I have an interesting Javascript task (performed in Node.js, FWIW): I need to take the "weighted median" of a dataset for which I have values (income, in this case) and a weight for each one. For example:
income #people
0 5
16000 3
20000 8
32000 4
40000 3
41000 1
50000 2
90000 1
In other words, 8 people make $20K, 2 make $50K, etc. I need the "weighted median" -- the median of all 27 people.
The naive way to do this would be to make an array and seed it with every value, like so:
var incomes = [0, 0, 0, 0, 0, 16000, 16000, 16000, 20000, 20000, 20000, 20000, 20000, 20000, 20000, 20000, 32000, 32000, 32000, 32000, 40000, 40000, 40000, 41000, 50000, 50000, 90000];
One can then easily take the median of this array (which is $20,000). In reality, I have data for between 7,000 and 14,000 people per sample. While I'm sure Node could handle an array this large, it feels incredibly sloppy.

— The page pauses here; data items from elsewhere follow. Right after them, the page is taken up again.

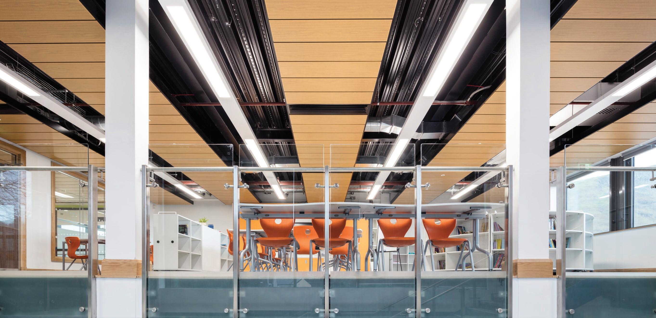 At the Cundall offices, all furnishings, insulation, interior paint, adhesives, oils, waxes, varnishes and finishes were specified for low or zero VOC, formaldehyde and toxic content. To maintain the air quality in high density areas, variable volume air distribution is controlled by CO2 sensors.
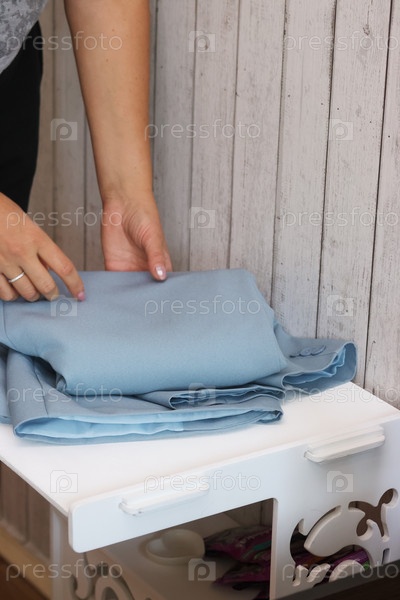 Женщина рассматривает элементы классического блейзера. Крупный план
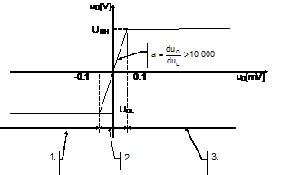 Figura 2 prezinta caracteristica de transfer ideala a unui AO. Regiunea de saturatie pozitiva s-a notat cu: |
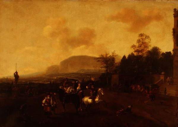 A hawking party in a mountainous landscape by Dutch artist Johannes Lingelbach (1622-1674)
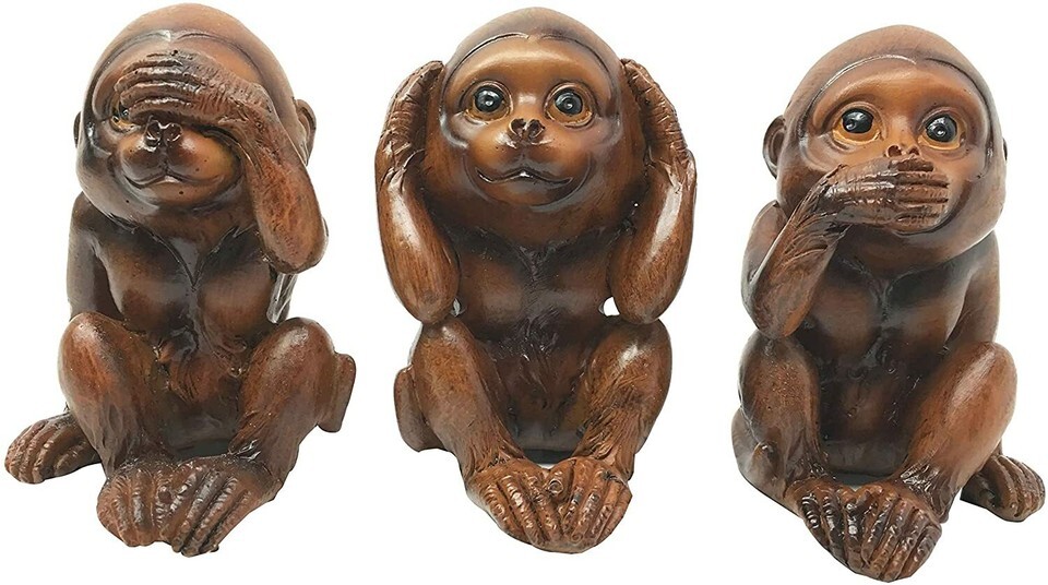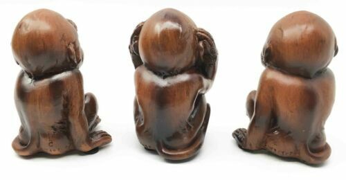 Ebros Faux Wood See Hear Speak No Evil Monkeys Three Wise Ape Figurine Set
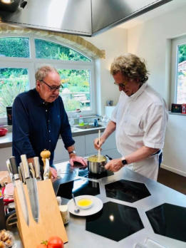 André Rieu with guests including his favorite Dutch pastry chef, Cees Holtkamp (far right), after the Christmas concert at the MECC in Maastricht, Netherlands on December 7, 2025 Pierre Rieu photobombed the scene in the background! Photo: Cees Holtkamp Marc Rieu and Pierre Rieu surprised André for his 71st birthday on October 1, 2020 (during COVID-19), by inviting pastry chef Cees Holtkamp to provide a baking workshop at André's home. Photo: André Rieu Productions

My current solution is to calculate the index of the median value in the hypothetical verbose array -- 13, in this case -- and the loop through the array of incomes and weights, adding up the cumulative weight until it reaches or surpasses the halfway point. Here's a simplified example. (Obviously, medians require slightly different rules for even-numbered lists. This is just a POC.)
var halfway = 13,
progress = 0;
var vals = [[0,5], [16000,3], [20000,8], [32000,4], [40000,3], [41000,1], [50000,2], [90000,1]];
for (var v = 0; v < vals.length; v += 1) {
progress += vals[v][1];
if (progress >= halfway) {
var median = vals[v][0];
break;
}
}
This works ok, but it gets messy when you want to start calculating quartiles and so forth. What would be easier is for me to be able to create a sparse array of the values at their appropriate place in the verbose array without filling in all the intermediate values, then perform lookups on this array for any index up to the maximum. But I need some efficient mechanism for finding the previous known index in the sparse array if (as is likely) the index I'm looking for in the spare array isn't populated.
This seems like it must be a fairly common problem.